Even if all the engineers who had disappeared into the army were combed out and brought back it would not be enough, or nearly enough. Rifles were needed. Guns were needed – machine-guns, fuses, shells by the thousands, bullets by the million. Large orders had been placed at the start of the war, and there was no shortage of raw materials, but even if the existing factories had been working flat out it would have been impossible to fulfil more than a fraction of them. But they were not working flat out and, worse, there was an upsurge of industrial troubles and disputes.
Many of the jobs involved in the manufacture of munitions could have been carried out by unskilled labour, but the Amalgamated Society of Engineers had absolutely vetoed this suggestion and, in the face of such union opposition, employers were forced to turn down countless volunteers. Even within the skilled workforce itself there were restrictive practices. One man per machine was the rule, even where output could have been increased by working shifts, and no doubling up of jobs would be accepted.
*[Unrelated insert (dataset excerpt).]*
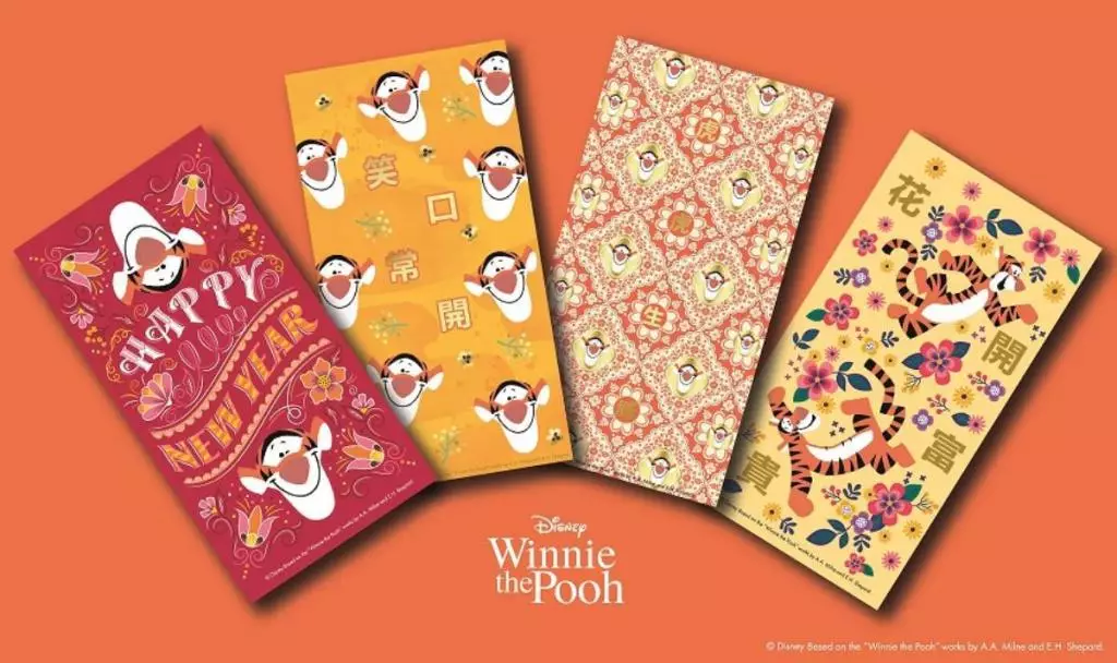 1套4款的利是封用上跳跳虎Tigger歡樂的形象配合繽紛的顏色,還採用了毛毛設計,分別印有Happy New Year、笑口常開、虎虎生威及花開富貴祝賀語句,逗人歡喜。只要於商場內消費滿$600或以2,500 The Point會員積分便可換領。

Nor was there any question of a single-union agreement that would allow an engineer to mend a fuse, if need be, or an electrician to loosen a bolt or tighten a screw.
The attitude of the skilled men was understandable. It took seven years of hard-grafting apprenticeship, working for a pittance, to qualify as a tradesman, and even a skilled journeyman’s wage could be as little as £2 a week. The minimum wage agreement had been won only after years of struggle, and decades of exploitation in Victorian workshops were still fresh in the minds of the men who had fought for the rights and conditions they now enjoyed. Was it all to be sacrificed now? If cheap unskilled labour was swept up by the national emergency to fill the factories, might not their own jobs be swept away when the emergency was over and employers – whom they had good reason not to trust – were tempted to use the precedent to undermine the hard-won rights of skilled workers?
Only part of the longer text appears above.